Top of WORKING DATA

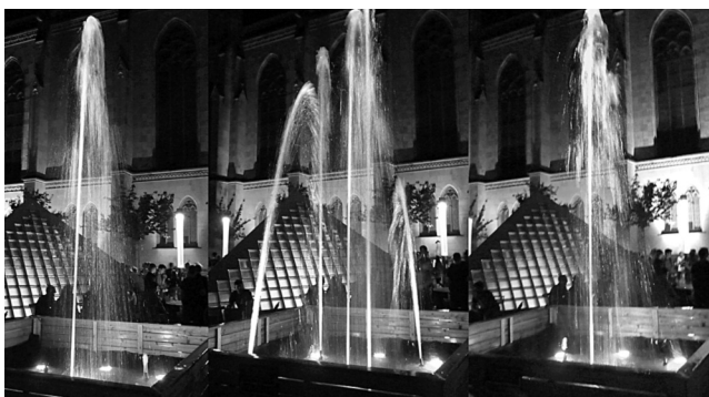
Springbrunnen auf dem Pyramidenplatz: Ein Hingucker

Jugendkulturfestival 2011: die askja war ein Teil der Gesamtleitung «leerer kopf14» - der Pyramidenplatz wurde zur «grünen Lunge» des Festivals, und sorgte dank dem besonderen Engagement der Landeskirche BL mit einem Springbrunnen für den Blickfang des Festivals.
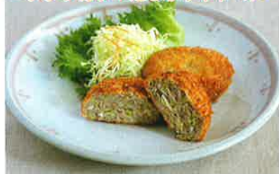
～メンチカツ+たっぷりキャベツ～
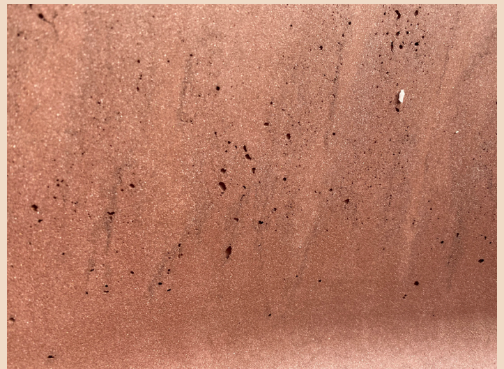
Stonalizzazione e colature
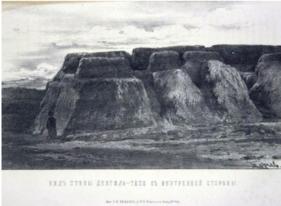
Image 7. Vue de la muraille de Dengil-Tépé, côté intérieur. Lithographie de P. Ja. Ivanov. Nikolaj I. Grodekov, Vojna v Turkmenii . 1883, entre p. 204 et p. 205.

Photographiée, dessinée, lithographiée, elle reste un symbole de cette bataille, bien que sa maçonnerie ait été fortement rabattue lors de l'enterrement des cadavres de 1881. Ne pouvant plus être perçue comme un obstacle sérieux, l'enceinte donne, selon les vétérans, une impression erronée du véritable contexte du siège. Jugeant que cela diminue les « mérites » de l'armée russe, ils proposent de rétablir la hauteur initiale des murailles 31 , projet qui n'a jamais été réalisé. Leurs craintes semblent justifiées : ce changement de paysage avec une forteresse aux murailles désormais réduites, amène inévitablement à se demander si l'importance de la victoire et le courage des soldats russes, qui ont mis tant de temps à s'emparer de ce monticule, n'ont pas été exagérés. Ainsi, la commémoration devient de plus en plus ambiguë et mitigée : la nécessité d'enterrer des milliers de victimes a créé un paysage qui rabaisse le mérite des vainqueurs.
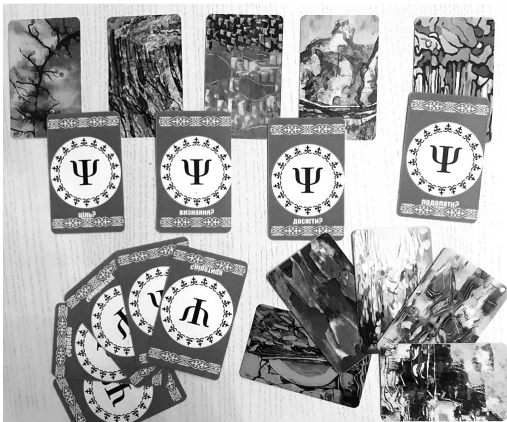
Рис. 3. Ілюстрація к варіанту використання «АКК» техніці «Мій шлях».

Даний варіант техніки можна ускладнювати, додаючи картки із зображенням картин-емоцій та окремо стимульних слів. Ілюстрація к даному варіанту виконання техніки зображено на рисунку 3.
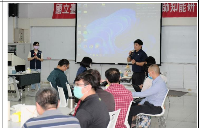
說明：學務處業務報告
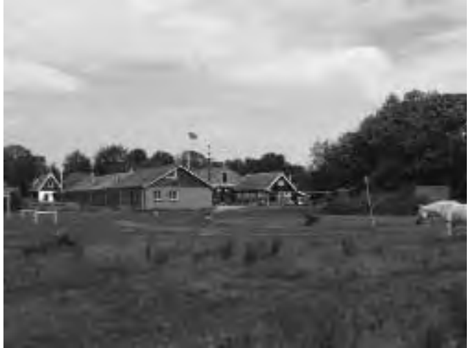
Kampeerboerderij De Binnenkampen

Het weekend zal gehouden worden van 28 t/m 30 mei 2010. De locatie zal zijn: Kampeerboerderij De Binnenkampen. De eerste twee keren zijn we daar ook geweest, dus is het geen onbekende plek. We huren de kleine groepsaccommodatie. Deze is geschikt voor maximaal 28 personen. Deze accommodatie bestaat uit recreatie-/eetzaal met keuken, 2 slaapzalen voor elk 4 personen en een grote slaapzaal voor 20 personen.
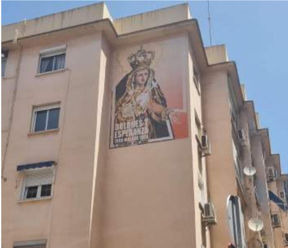
Figura 44. Ejemplo de cartelería que podría incluirse para los talleres artesanales. En la imagen, cartel promocional en la calle La Unión, sobre la procesión extraordinaria de la Virgen de Dolores y Esperanza del 21 de Septiembre de 2024. Elaboración propia.
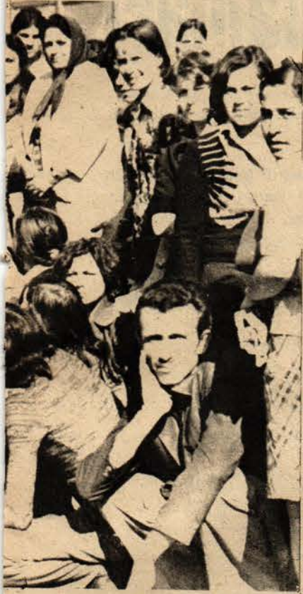
ççbalarına rağmen sürüyor.

«Ne Amerika Ne Rusya, Bağımsız Bioksuz Türkiye, Ülkelerin Bağımsızlığı, Milletlerin Kurtuluşu ve Halkların Devrimi İçin İleri, Kurtuluş Bizimdir.»
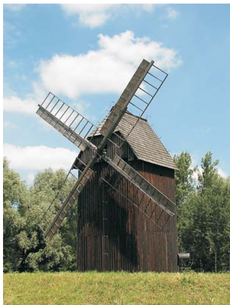
8. Wiatrak z Dobrzienia Wielkiego

dzoną jednostkę z dwoma usytuowanymi frontowo ogródkami kwiatowymi. Samodzielną jednostką ekspozycyjną jest również kuźnia z Ziemielowic (1726 r.), usytuowana przy zakręcie głównej trasy zwiedzania. Nie jest ona wprawdzie ogrodzona, lecz zewsząd otaczają ją różne sprzęty podkreślające jej funkcję użytkową. Następnym obiektem z tej grupy jest chałupa-„szpital” z Radłowa (1740 r.). W przeszłości służyła ona jako wiejski przytułek dla chorych i bezdomnych i nigdy nie miała ogrodzenia; podobnie więc stoi posadowiona w muzeum, choć z innym niż pierwotnie, bogatym wyposażeniem wnętrza. Nie ma ogrodzenia także chałupa z Wichrowa z 1886 r., przystosowana do potrzeb hotelowych skansenu.
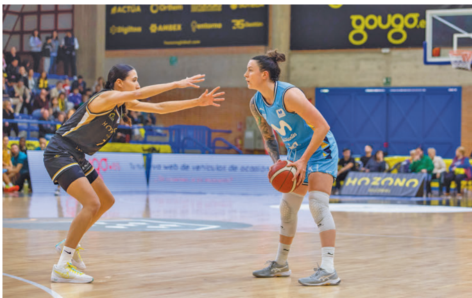
La visita a Alcantarilla se saldó con una nueva derrota FEB
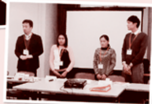
バナナの生産者学習交流会
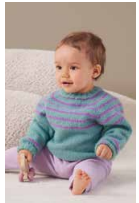
2 STREIFENPULLOVER – COSY SOCKS
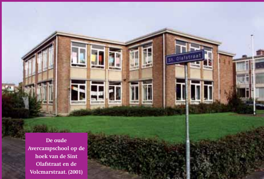
De oude Avercampschool op de hoek van de Sint Olafstraat en de Volcmarstraat. (2001)
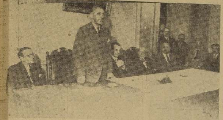
El Presidente Electo, don Juan Antonio Ríos, hace uso de la palabra durante la sesión de ayer, de la Sociedad Nacional de Minería

El Presidente Electo de la República se refirió a la necesidad de arbitrar medidas tendientes a crear en el país una riqueza minera grande y estable
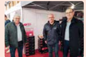
Fira de Sant Antoni a Benicarló (Maestrat).
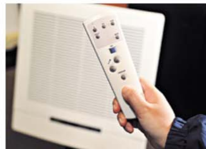
▲遙控器上的自動操作模式, 可配合空氣質量感應器使用。
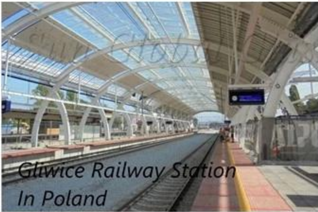
Gliwice Railway Station In Poland
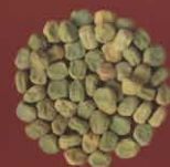
Arvejas chochas o de manteca San Bartolomé, Lanzarote
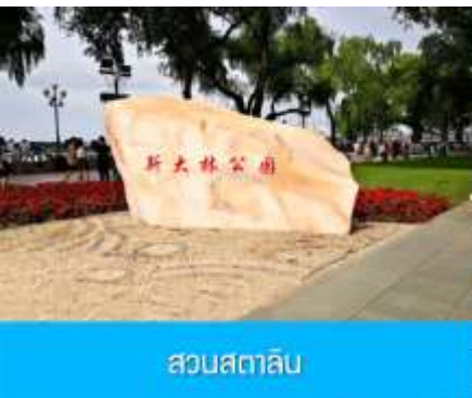
สวนสตาลิน
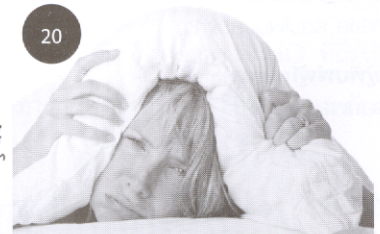
รู้ทันโลก
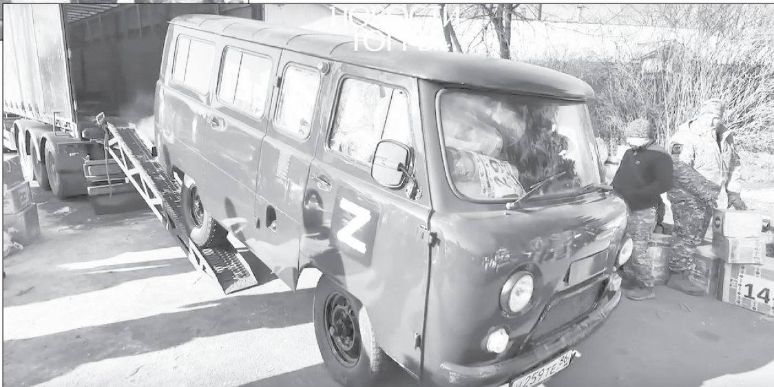
Помощь от неравнодушных жителей Ханты-Мансийска - от посылок до машин

За посылками военные приехали из разных подразделений со всех участков фронта, в том числе из госпиталей: для зоны СВО югорчане регулярно собирают "медицину".
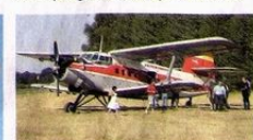
Die Antonow (Baujahr 1958) stammt aus der DDR, wurde von der Nationalen Volksarmee genutzt. Sie gehörte der Interflug. Nach der Wende kam sie in private Hände.
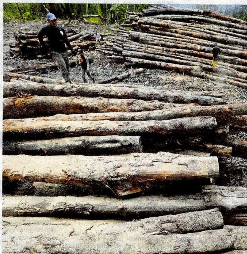
Kayu bakau dikumpul di tebing sungai bagi memudahkan dipindahkan ke dalam kapal tongkang milik sindiket.
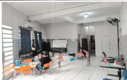
IMAGEM 3: SALA DE ATIVIDADES LOCAL: E.M. CLARA DE CASTRO ROGÉRIO
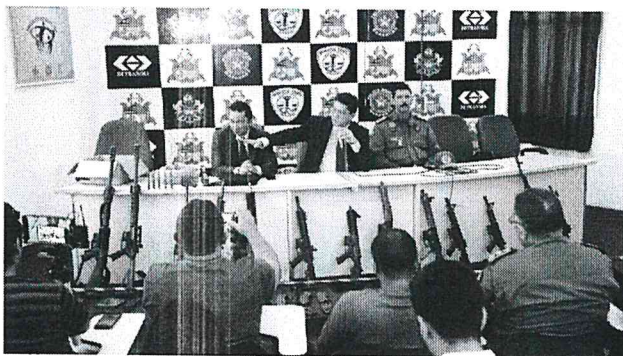
O SECRETÁRIO AFIRMOU QUE O "NOVO CANGAÇO" NÃO TERÁ ESPAÇO NO MARANHÃO

O secretário afirmou que o "novo cangaço" não terá espaço no Maranhão. "O tempo de Lampião acabou faz tempo, aqui vale a força da lei. Temos poder de fogo igual ou maior aos assaltantes. E volto a dizer, tanto a bravura dos nossos policiais, e a capacidade do governo do estado em apli-

Bottom of WORKING DATA

EXERCISE DESCRIPTION
Please repeat the data above exactly as it appears, pictures excluded.

EXERCISE RESULT
Springbrunnen auf dem Pyramidenplatz: Ein Hingucker

Jugendkulturfestival 2011: die askja war ein Teil der Gesamtleitung «leerer kopf14» - der Pyramidenplatz wurde zur «grünen Lunge» des Festivals, und sorgte dank dem besonderen Engagement der Landeskirche BL mit einem Springbrunnen für den Blickfang des Festivals.
～メンチカツ+たっぷりキャベツ～
Stonalizzazione e colature
Image 7. Vue de la muraille de Dengil-Tépé, côté intérieur. Lithographie de P. Ja. Ivanov. Nikolaj I. Grodekov, Vojna v Turkmenii . 1883, entre p. 204 et p. 205.

Photographiée, dessinée, lithographiée, elle reste un symbole de cette bataille, bien que sa maçonnerie ait été fortement rabattue lors de l'enterrement des cadavres de 1881. Ne pouvant plus être perçue comme un obstacle sérieux, l'enceinte donne, selon les vétérans, une impression erronée du véritable contexte du siège. Jugeant que cela diminue les « mérites » de l'armée russe, ils proposent de rétablir la hauteur initiale des murailles 31 , projet qui n'a jamais été réalisé. Leurs craintes semblent justifiées : ce changement de paysage avec une forteresse aux murailles désormais réduites, amène inévitablement à se demander si l'importance de la victoire et le courage des soldats russes, qui ont mis tant de temps à s'emparer de ce monticule, n'ont pas été exagérés. Ainsi, la commémoration devient de plus en plus ambiguë et mitigée : la nécessité d'enterrer des milliers de victimes a créé un paysage qui rabaisse le mérite des vainqueurs.
Рис. 3. Ілюстрація к варіанту використання «АКК» техніці «Мій шлях».

Даний варіант техніки можна ускладнювати, додаючи картки із зображенням картин-емоцій та окремо стимульних слів. Ілюстрація к даному варіанту виконання техніки зображено на рисунку 3.
說明：學務處業務報告
Kampeerboerderij De Binnenkampen

Het weekend zal gehouden worden van 28 t/m 30 mei 2010. De locatie zal zijn: Kampeerboerderij De Binnenkampen. De eerste twee keren zijn we daar ook geweest, dus is het geen onbekende plek. We huren de kleine groepsaccommodatie. Deze is geschikt voor maximaal 28 personen. Deze accommodatie bestaat uit recreatie-/eetzaal met keuken, 2 slaapzalen voor elk 4 personen en een grote slaapzaal voor 20 personen.
Figura 44. Ejemplo de cartelería que podría incluirse para los talleres artesanales. En la imagen, cartel promocional en la calle La Unión, sobre la procesión extraordinaria de la Virgen de Dolores y Esperanza del 21 de Septiembre de 2024. Elaboración propia.
ççbalarına rağmen sürüyor.

«Ne Amerika Ne Rusya, Bağımsız Bioksuz Türkiye, Ülkelerin Bağımsızlığı, Milletlerin Kurtuluşu ve Halkların Devrimi İçin İleri, Kurtuluş Bizimdir.»
8. Wiatrak z Dobrzienia Wielkiego

dzoną jednostkę z dwoma usytuowanymi frontowo ogródkami kwiatowymi. Samodzielną jednostką ekspozycyjną jest również kuźnia z Ziemielowic (1726 r.), usytuowana przy zakręcie głównej trasy zwiedzania. Nie jest ona wprawdzie ogrodzona, lecz zewsząd otaczają ją różne sprzęty podkreślające jej funkcję użytkową. Następnym obiektem z tej grupy jest chałupa-„szpital” z Radłowa (1740 r.). W przeszłości służyła ona jako wiejski przytułek dla chorych i bezdomnych i nigdy nie miała ogrodzenia; podobnie więc stoi posadowiona w muzeum, choć z innym niż pierwotnie, bogatym wyposażeniem wnętrza. Nie ma ogrodzenia także chałupa z Wichrowa z 1886 r., przystosowana do potrzeb hotelowych skansenu.
La visita a Alcantarilla se saldó con una nueva derrota FEB
バナナの生産者学習交流会
2 STREIFENPULLOVER – COSY SOCKS
De oude Avercampschool op de hoek van de Sint Olafstraat en de Volcmarstraat. (2001)
El Presidente Electo, don Juan Antonio Ríos, hace uso de la palabra durante la sesión de ayer, de la Sociedad Nacional de Minería

El Presidente Electo de la República se refirió a la necesidad de arbitrar medidas tendientes a crear en el país una riqueza minera grande y estable
Fira de Sant Antoni a Benicarló (Maestrat).
▲遙控器上的自動操作模式, 可配合空氣質量感應器使用。
Gliwice Railway Station In Poland
Arvejas chochas o de manteca San Bartolomé, Lanzarote
สวนสตาลิน
รู้ทันโลก
Помощь от неравнодушных жителей Ханты-Мансийска - от посылок до машин

За посылками военные приехали из разных подразделений со всех участков фронта, в том числе из госпиталей: для зоны СВО югорчане регулярно собирают "медицину".
Die Antonow (Baujahr 1958) stammt aus der DDR, wurde von der Nationalen Volksarmee genutzt. Sie gehörte der Interflug. Nach der Wende kam sie in private Hände.
Kayu bakau dikumpul di tebing sungai bagi memudahkan dipindahkan ke dalam kapal tongkang milik sindiket.
IMAGEM 3: SALA DE ATIVIDADES LOCAL: E.M. CLARA DE CASTRO ROGÉRIO
O SECRETÁRIO AFIRMOU QUE O "NOVO CANGAÇO" NÃO TERÁ ESPAÇO NO MARANHÃO

O secretário afirmou que o "novo cangaço" não terá espaço no Maranhão. "O tempo de Lampião acabou faz tempo, aqui vale a força da lei. Temos poder de fogo igual ou maior aos assaltantes. E volto a dizer, tanto a bravura dos nossos policiais, e a capacidade do governo do estado em apli-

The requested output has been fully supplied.